Jewish Wedding Ring, on display in the Old Synagogue in Erfurt 

Jewish Wedding Ring, on display in the Old Synagogue in Erfurt  ©Florian Trykowski, Thüringer Tourismus GmbH. Objekt im Bestand des Thüringischen Landesamtes für Denkmalschutz und Archäologie

Mazal tov
Fate, treasure and a wedding ring

Together, we head down into the small vaulted cellar which, as it turns out, is a real treasure trove. With a fascinating history too: around 20 years ago, a labourer discovered an old piece of metal during construction work on a property in Michaelisstrasse. What was first thought to be pewter turned out to be a silver plate, and that was just the beginning of an incredible find. Here, beneath the masonry of a cellar door, more than 3,000 silver coins and 700 pieces of jewellery from the Middle Ages were found, among them some exceptional examples of Gothic goldsmithery. The treasure weighed no less than 29.5kg in total, and a particularly impressive piece was a Jewish wedding ring from the 14th century. This is the key exhibit of the Erfurt Treasure. I reverently step closer to the display case in the centre of the room. I take one of the large magnifying glasses off the wall by the entrance to take a closer look and hand another to my husband standing next to me. The ring is almost 5cm high, with an ornate miniature tower – the Temple of Jerusalem – at the top which is carried by two mythical creatures. The tower’s roof is inscribed with ‘mazal tov’, or good luck, in Hebrew letters, while the bottom of the ring is formed by two hands placed inside one another, symbolising marriage and fidelity.

How infinitely beautiful, I think to myself and look over at my husband. I feel the wedding ring on my finger and lean over to him. His hair may have turned a little grey after all these years and there are funny little wrinkles in the corners of his eyes, but I reach for his hand and he returns the gesture with a gentle squeeze. Sometimes, there is no need to speak to feel close to someone.

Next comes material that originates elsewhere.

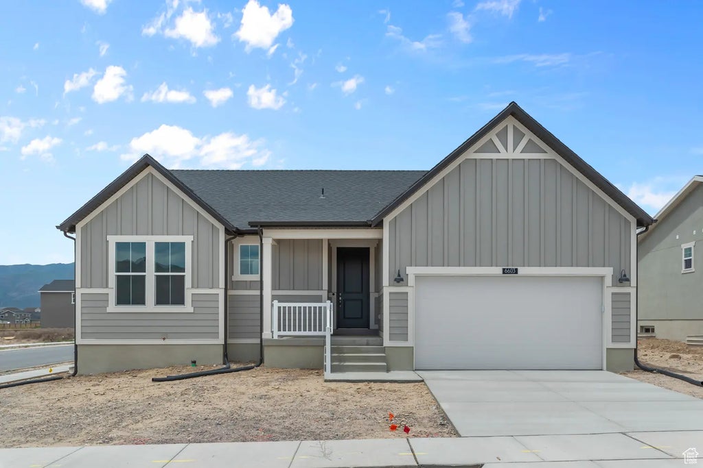 Come see this beautiful brand new 1700 Farmhouse rambler in a great Eagle Mountain master planned community! This home combines modern comforts with rustic charm featuring a stylish kitchen with gray laminate cabinets, quartz countertops, and stainless steel gas appliances. Box bay windows in the kitchen nook and owner's bedroom bring in ample natural light and space and energy-efficient options promise savings. Cultured marble shower surrounds provide an elegant touch in the owner's bathroom along with chrome hardware, 2-tone paint and laminate hardwood flooring that completes the modern farmhouse vibe. Come check it out today!
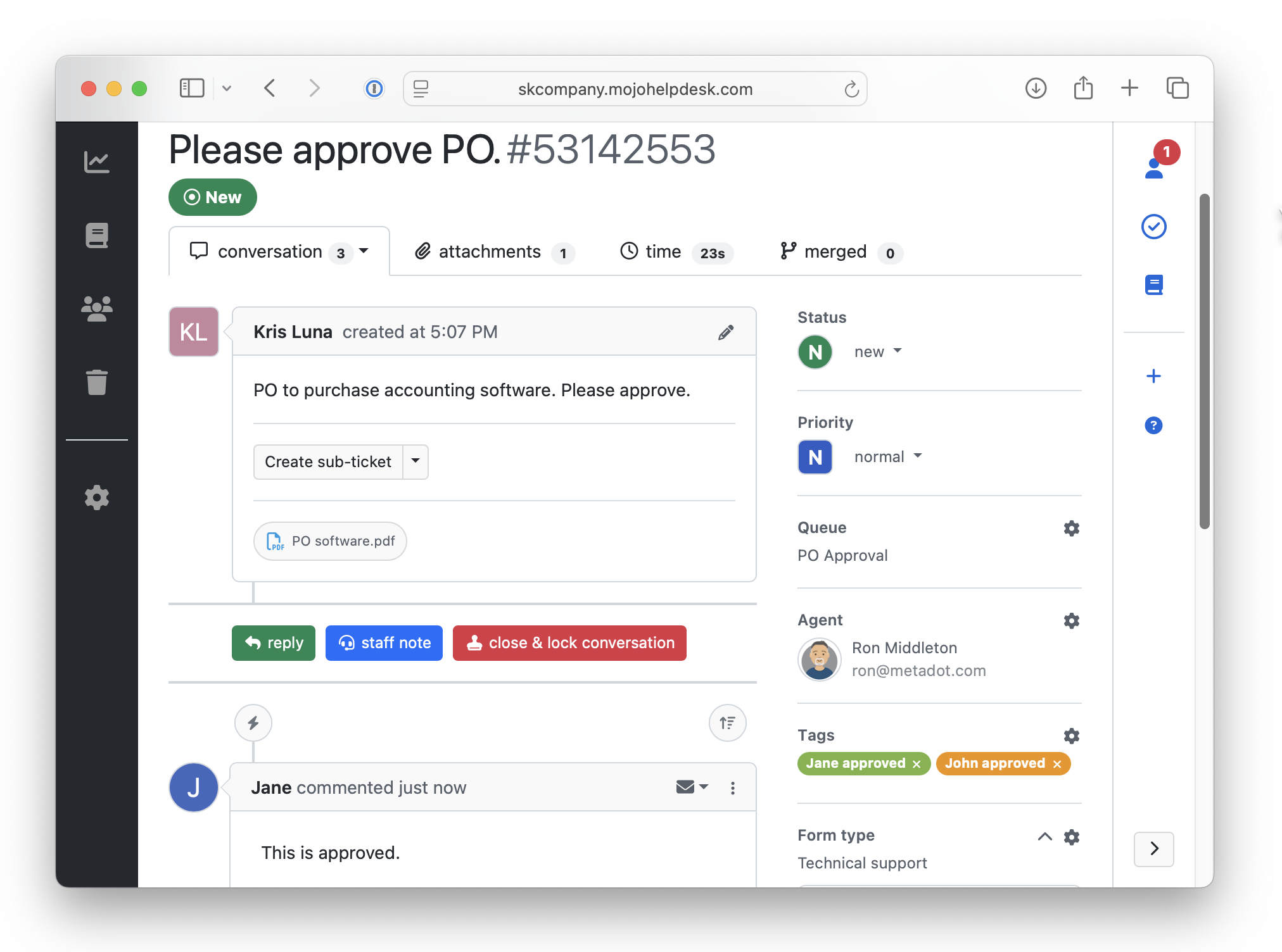 This setup creates a simple, trackable approval flow. Ticket tags provide an at-a-glance view of who has approved, and approvers can reply directly from their inbox.

Moved and profoundly touched, we step back into the street after our visit to the Old Synagogue. For us, this has been the ideal introduction to the history of a city that only reveals its secrets bit by bit. And sometimes lady luck has had to lend a helping hand. We’re eager to discover more, and our next stop is the mikveh, a Jewish bath used for ritual purification. It’s only a few minutes’ walk from the Old Synagogue, and the route takes us back to the Merchants’ Bridge. The first thing we see is the structure that has been built around the bath to protect it. You can see the bath through a window at any time, but we choose to take a guided tour to find out even more about the mikveh’s history. And so we delve even deeper into the 900 years of Jewish culture in Erfurt.